Sometimes something can be lost in a language barrier of sorts when a fellow from New Jersey is trying to order a piece of pizza in Southern California.
You see, pizza in New Jersey also is known as pizza pie. Make that pie for short.
When a chap from New Jersey ordered a slice of pie at the Square Pan Pizza kiosk by Gate C at San Diego Jack Murphy Stadium, the woman behind the counter bellowed: "We don't have pie here!"
I understood the problem, so I translated and this fellow got his piece of Square Pan pizza. He wished he hadn't. What he got was a heavy rectangle of spongy dough smeared with some kind of tomato sauce, covered with rubbery cheese and sprouting rounds of pepperoni here and there. The pizza wasn't much, in other words. But because it sells well, the decision in this case would have to be " chacun a son gout " (each to his own taste), which the Great Dugout Diner, Tom Lasorda, might translate as "this stuff is goo."
In truth, though, the quality of the fare at the stadium seems to have improved during the last couple of years in inverse ratio to the Padres' performance. Service America Corp., the folks who once made me wait in a line for half an hour and then pitched me a frozen hot dog, have made some impressive changes, both in menu and preparation. There's still no quiche, but it's starting to look and taste like big-league chow.

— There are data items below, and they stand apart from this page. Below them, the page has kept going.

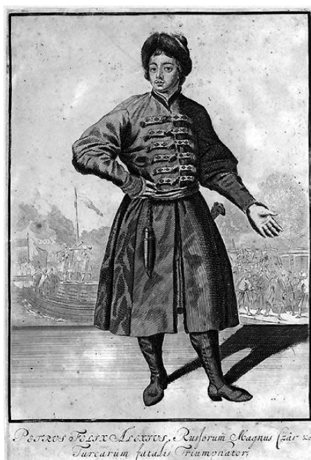
Рис. 3. «Петр I на фоне торжественного приема Великого Посольства в Амстердаме». Гравюра неизвестного художника. 1710–1720-е гг.

Подчеркнем, все эти страны обладали достаточной большой армией, сильной экономикой и огромными территориями, а поэтому являлись потенциальными соперниками Российского государства. «Великое посольство», предпринятое Петром Алексеевичем в 1697–1698 гг. (см. рис. 3), имело ряд задач, в том числе – добиться продолжения войны с Османской империей и привлечь новых союзников [5, с. 267].
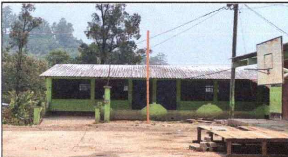
Foto 3: Mejoramiento de techo por acumulación de partículas inadecuadas que deterioran la vida útil de las laminas (modulos 2, 3 y 4).
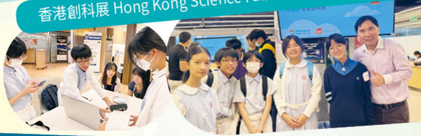
創客魔方機器人 STEM 比賽 (創客魔方機械人精英組：金獎、銀獎；創客魔方機械人 Smart 組：銀獎、銅獎；親子組：金獎)
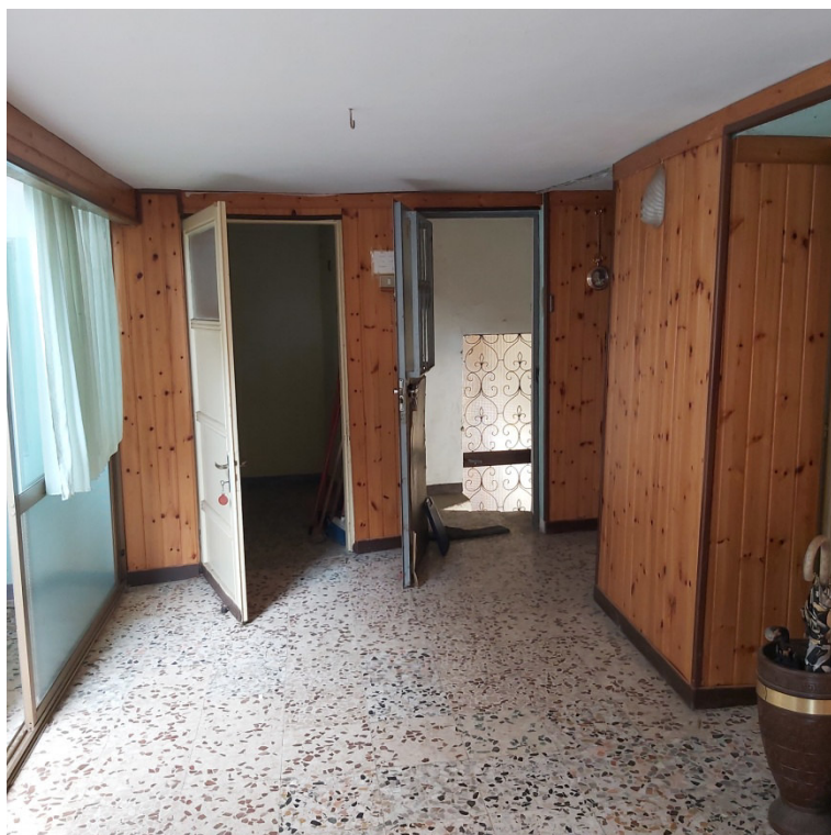
Blocco B P1 ingresso dalla scala su ballatoio verandato

I doubt that you'll find anybody named Jean Pierre flipping hamburgers at the burger, french fry and onion ring stand on the Plaza level, but you will find a quarter-pound plain or cheese-enshrouded burger that's at least as good as those peddled by fast-food joints. Ditto the fries. And the onion rings are enough to make you feel 16 again, unless you are 16, which renders the sensation kind of pointless.
Just as Babe Ruth might have said "What, twice glory?" after slamming two home runs, we might take a look at Service America's ploy of placing different types of food in different parts of the stadium and say "How haute , cuisine?" In other words, you have to rise in the world to find the fanciest fare, all the way to the Roof Garden, the bastion of ballpark gourmandism.
Here, high atop the stadium, we find the deluxe (Service America's description) burgers, one-third-pounders priced at $3 plain and 25 extra for cheese. There are also roast beef sandwiches with barbecue sauce or that brown liquid often called "au jus; " a mild German or spicy Italian sausage sandwich; creamy, respectable potato salad; and the dreaded Fire Dog ($2.50), an extra-large and extra-spicy wiener. This last creation could be recommended to morose fans on the grounds that it has the ability to take their minds off the scoreboard.
The Italian sausage also sizzles like a Tony Gwynn grounder mowing through the infield. After the second bite or so, little bits of pepper and spices start exploding on the tongue, and it's not a bad sensation. There's even a little cup of marinara sauce to tame the heat, if so desired. But skip the roll, a soggy wonder that in gustatory appeal outranks few things at the stadium other than a bin of sweat socks.
Other than these items, everything that's edible can be found on the Plaza Level. The big item here is the hot dog, available at just about every concession stand and generally very respectable; the dogs now roast in sight and are served steaming hot and juicy, ready to be doused with onions and relish. Regular dogs go for $1.25, and foot-longs for $2; plan to pay extra for chili and/or sauerkraut. Potato chips are Eagle brand, and are good.
At these stands, beer sells for $1.75, sodas start at 75 and candies cost $1 each. The list goes on with helmet sundaes, frozen malts, ice cream sandwiches and soft serve cones.
Several specialty booths peddle burritos (chili and cheese, $2.25) and taquitos (three for $2). It is at these booths that big spenders can order a Corona or Beck's, poured from the bottle at $3 apiece. As yet, there's no lime for the Corona, but any catering company that has progressed as far as the Fire Dog is sure to catch up soon.
The lazy person's way to feed at the stadium is in the stands. It still may be the best, as long as it is understood that options are limited. In the stands, protein is defined as the hot dog, except on busier days, when the term expands to include the pizza that intrepid hawkers sell to fans too busy watching the game to notice what they're chewing.
But limited choice still means choice , and all the classics are here, including popcorn that seems to have been popped fairly recently and tastes like it does at the movies; pink cotton candy for deserving tots who are seated more than five rows away from this writer; sodas; peanuts and Cracker Jack.
Cracker Jack, as everyone knows, is the ultimate of ballpark cuisine, and it was interesting to learn that they don't sell it at Candlestick and Fenway parks.
The point of going to the stadium, of course, is to enjoy the game. But everyone does seem to eat and eat and eat, and the expansion and improvement of the menu can only help on those days when looking at the scoreboard takes the steely determination of a Casey at the bat.